Аламбик проснулся в привычный ночной час, его тело приноровилось переживать столкновение с секундами и минутами, которые, как известно, текут иначе, нарастают и убывают в ином ритме, таят в себе иные жизни и насмехаются над дневным бытием. Некоторое время он просто лежал и смотрел в пустоту, в темный потолок, как будто пытаясь увидеть звезды, предположительно сиявшие над крышей аптеки. Верный своим философским обыкновениям, поразмыслил обо всем понемногу и ни одну мысль не довел до конца, подумал о компостных ямах, варящихся эликсирах, твердеющих пилюлях, мази для Лили Бунте и зельях, которые каждый месяц надлежало готовить для Мадамы из Инфими и ее шлюх, озабоченных тем, как бы свести с ума клиентов, внушить, что они сильны и способны на впечатляющие любовные подвиги; еще он подумал обо всех каплях, которые надо продавать из-под прилавка в ответ на мятые записки, влажные от пота мэтрэгунцев, умеющих одну руку тайком протягивать за тем, что им требовалось, а другой – у всех на глазах тыкать обличающим перстом. Он думал обо всем, что делал для них по просьбе и без ведома, а еще – каждую ночь в столь ранний и холодный час, совершенно одинокий и совершенный в своем одиночестве – Аламбик вспоминал о своем отце, и львиная доля размышлений неизменно относилась к последним минутам, которые тот провел, завернутый во влажные, теплые тряпки на смертном одре, на том самом ложе, где сам Аламбик спал каждую ночь. Он думал о последних отцовских словах. Даже сейчас, спустя столько лет после тех финальных мгновений, он все еще задавался вопросом, как Аламбик-старший умудрился сделать так много за свою недлинную жизнь, невзирая на слабое здоровье и ужасную близорукость, исключительно благодаря пытливому уму и стойкости духа. Часто Аламбик, склонившись над Азотом, как будто заглядывал самому себе через плечо и ощущал неземное спокойствие, но при этом видел не себя, а отца в себе; тот был словно некий благий дух, неведомыми путями проникший в чужое тело, дабы действовать его руками, оценивать увиденное им, испытывать трепет чужого сердца при мыслях о результатах, коих сам Аламбик-старший при жизни так и не добился. И, опять же, в силу привычки он думал о своем тайном наследии, повторяя в уме, что его цель – не Великое Делание[13], а лекарство, что превыше прочих лекарств,[14] эликсир жизни, не знавшей заразы, сок безупречного тела. Ребис[15].

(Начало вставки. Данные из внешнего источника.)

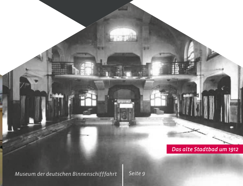
Das alte Stadtbad um 1912

Вспомнив о цели своей жизни, ощутив то и другое как бремя, Аламбик поднялся с кровати, накинул плотную мантию и спустился в потайную комнату, скользя среди черной мебели при путеводном свете тусклой лампы. Жара мастерской, мешанина запахов, приглушенные органические звуки, робкие шумы зарождающейся жизни, начала мира, того, что миру предшествует – все это ласкало ему душу и разглаживало морщины на челе, заставляло улыбаться и унимало тревоги; такая вот алхимия чувств.
Он осторожно открыл горн, поискал в пламени философское яйцо и тяжело вздохнул. Внутри плавал мертвый, так и не родившийся человечек; Аламбик при помощи длинных крючков достал яйцевидный сосуд и начал аккуратно выуживать останки. Они разломились напополам, а потом и ручка, оторвавшись от торса, упала на дно емкости. Аламбик все собрал и погладил с нежностью бесправного отца, прежде чем упаковать кучку плоти в тряпицу и затянуть узлы.
Выйдя из аптеки через заднюю дверь, убедившись, что на платформе наверху нет ни души, Аламбик направился к неуклюжему сооружению из досок – примитивному домику, по сути, иллюзии, возведенной с целью скрыть кое-что постыдное, и это «кое-что», эти свои влажные свертки алхимик бесчисленное множество раз выносил из дома под покровом ночи. Он опустился на колени и поднял доску. Земля была рыхлая, сухая; место захоронения его детей, умерших до срока. Он копал руками, то и дело натыкаясь на другие свертки, как целые, так и изъеденные гниением, пока не получилась могилка, достойная нового младенца. Он положил его в яму и засыпал землей. Вернул доску на прежнее место и вышел, заперев за собой импровизированную выгребную яму.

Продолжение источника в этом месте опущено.